*TASK DIRECTIONS*.
The material below holds the lines to copy: from the one with "然后就是基于windows平" up to and including the one with "Alu-Teufel Spezial is". Copy them exactly and skip the pictures.
______________________________
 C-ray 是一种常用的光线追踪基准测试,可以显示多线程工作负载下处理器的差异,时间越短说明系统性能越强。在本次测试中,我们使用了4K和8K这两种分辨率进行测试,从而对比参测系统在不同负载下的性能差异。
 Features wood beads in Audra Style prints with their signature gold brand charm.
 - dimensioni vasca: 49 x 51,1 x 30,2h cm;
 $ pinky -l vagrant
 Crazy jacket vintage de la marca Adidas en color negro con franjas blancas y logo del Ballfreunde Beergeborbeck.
______________________________
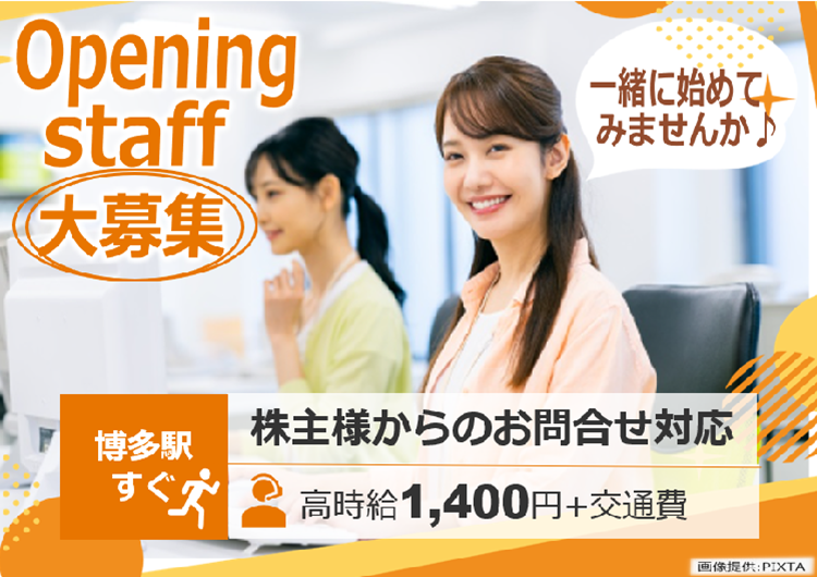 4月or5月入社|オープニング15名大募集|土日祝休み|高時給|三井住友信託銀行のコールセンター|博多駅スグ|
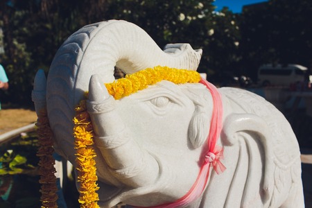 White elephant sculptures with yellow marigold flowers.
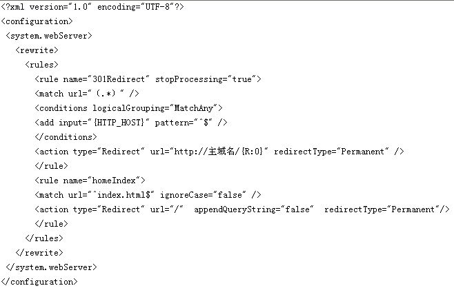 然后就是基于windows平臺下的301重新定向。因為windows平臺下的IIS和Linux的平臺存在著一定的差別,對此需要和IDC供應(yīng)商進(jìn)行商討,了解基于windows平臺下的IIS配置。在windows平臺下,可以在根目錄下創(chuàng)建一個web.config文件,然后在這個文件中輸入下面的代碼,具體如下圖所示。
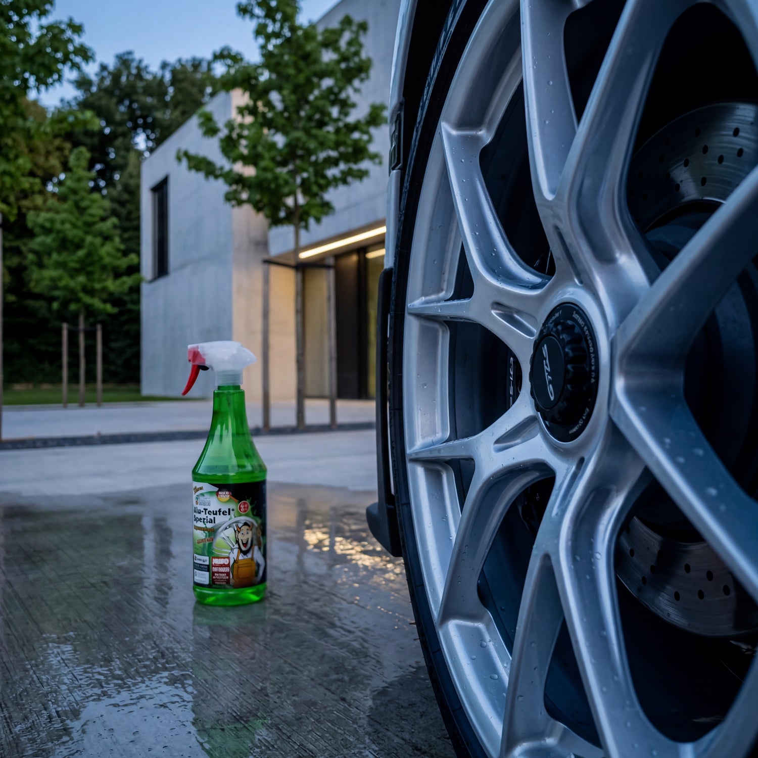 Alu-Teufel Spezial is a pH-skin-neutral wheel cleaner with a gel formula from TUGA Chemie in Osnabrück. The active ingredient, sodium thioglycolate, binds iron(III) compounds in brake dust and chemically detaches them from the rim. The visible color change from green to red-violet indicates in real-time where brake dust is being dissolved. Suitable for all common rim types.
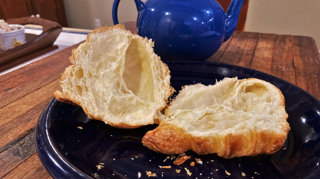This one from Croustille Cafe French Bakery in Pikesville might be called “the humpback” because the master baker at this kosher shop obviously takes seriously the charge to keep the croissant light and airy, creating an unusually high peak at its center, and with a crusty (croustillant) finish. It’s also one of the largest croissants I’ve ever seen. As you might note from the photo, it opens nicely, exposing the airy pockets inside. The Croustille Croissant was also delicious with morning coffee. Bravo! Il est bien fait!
______________________________
*RESULT OF THIS EXERCISE*.
 然后就是基于windows平臺下的301重新定向。因為windows平臺下的IIS和Linux的平臺存在著一定的差別,對此需要和IDC供應(yīng)商進(jìn)行商討,了解基于windows平臺下的IIS配置。在windows平臺下,可以在根目錄下創(chuàng)建一個web.config文件,然后在這個文件中輸入下面的代碼,具體如下圖所示。
 Alu-Teufel Spezial is a pH-skin-neutral wheel cleaner with a gel formula from TUGA Chemie in Osnabrück. The active ingredient, sodium thioglycolate, binds iron(III) compounds in brake dust and chemically detaches them from the rim. The visible color change from green to red-violet indicates in real-time where brake dust is being dissolved. Suitable for all common rim types.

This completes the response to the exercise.